For any who are upset already because I called this post “Christmas Is: Baking” instead of something about the spiritual implications of the season, relax.
Christmas is a lot of things to a lot of people, even the ones who despise the whole notion of decorating trees, hanging wreaths and lights, paying huge hangover credit card bills in January, and listening to endless renditions of Rudolf the Red Nose Reindeer on the radio. Whatever. Christmas is baking.
Think about it. Are there goodies that are baked at your house that you may not have at any other time? Would Christmas be the same to you if they were missing?
When I was growing up my mother made delicious pecan pies I didn’t like. They looked so good and everyone raved about them. It wasn’t until we lived in Texas many years later I suddenly discovered the delicious wonder that is pecan pie. It was Christmas, so there was pecan pie.
Coffee cake is another one. Coffee cake is a tradition in our family that began about the time the Lamberts arrived in America from Germany in the 1800s. The Stocktons were already here and when the two met, coffee cake was born and has been with us ever since. My coffee cake is better than my mother used to make, and that’s saying a bunch. If there is no coffee cake, it isn’t Christmas.


Christmas cookies! Hours are spent in the kitchen mixing, shaping, cutting, baking, and decorating amazing Christmas cookies. Frustration rears its ugly head when the cookie cutters have sharp corners that refuse to release the cookie dough and instead tear the creation apart.
I don’t understand the whole fascination with ginger-bread houses.

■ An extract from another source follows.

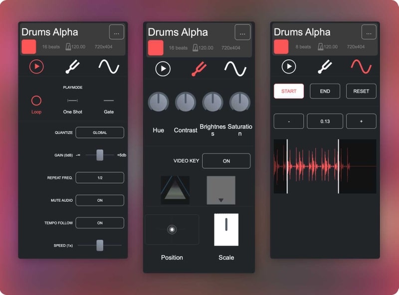 • Spill av fullt synkroniserte videoklipp: koble lydklipp til videopader • Modulerbar rutenett: opptil 8×8 pader • Importer dine egne video- og lydklipp til rutenettet • Lydredigerer: kvantisere, justere volum, dempe lyd • Videoredigerer: nyanse, kontrast, lysstyrke, metning, nøkkel, posisjon og forhold • Bildekontroll: videoprosjektmapping & master videoredigerer • Direkte utgang til en sekundær skjerm for liveopptredener • Spill inn din opptreden live i høy kvalitet MP4-video

Ginger snaps aren’t a favorite, the taste reminds me of a remedy we were forced to ingest when we didn’t feel well which always lead to losing our cookies, if you know what I mean. Lots of people love to decorate ginger-bread houses which most often end up looking something like an underinflated innertube.
Fruit cake! Has there ever been a more misguided name given to anything that is supposed to be edible? Fruit cake is like the Chia-Pet and Clapper. On December 26th every trace is gone. It’s like what happens to round-the-clock Christmas songs on the radio. At midnight on Christmas all vestiges of the season are replaced with the station’s money maker music. Fruit cake is the boat anchor that has finally made it’s way out of the lake and onto the dessert table. Fruit cake is mystery. No one knows where it comes from, who makes it, what’s in it. But it’s not Christmas if there’s no fruitcake.
Really, Christmas is not pies, coffee cake, decorated cookies, ginger bread houses or fruitcake. Christmas is baking which means there is time in the kitchen with members of the family we might not be with at any other time of the year.
Christmas is baking because we reconnect with so many thoughts and feelings of special things as delicious aromas fill the air.
Christmas is baking. It’s such a simple thing but works wonders of togetherness.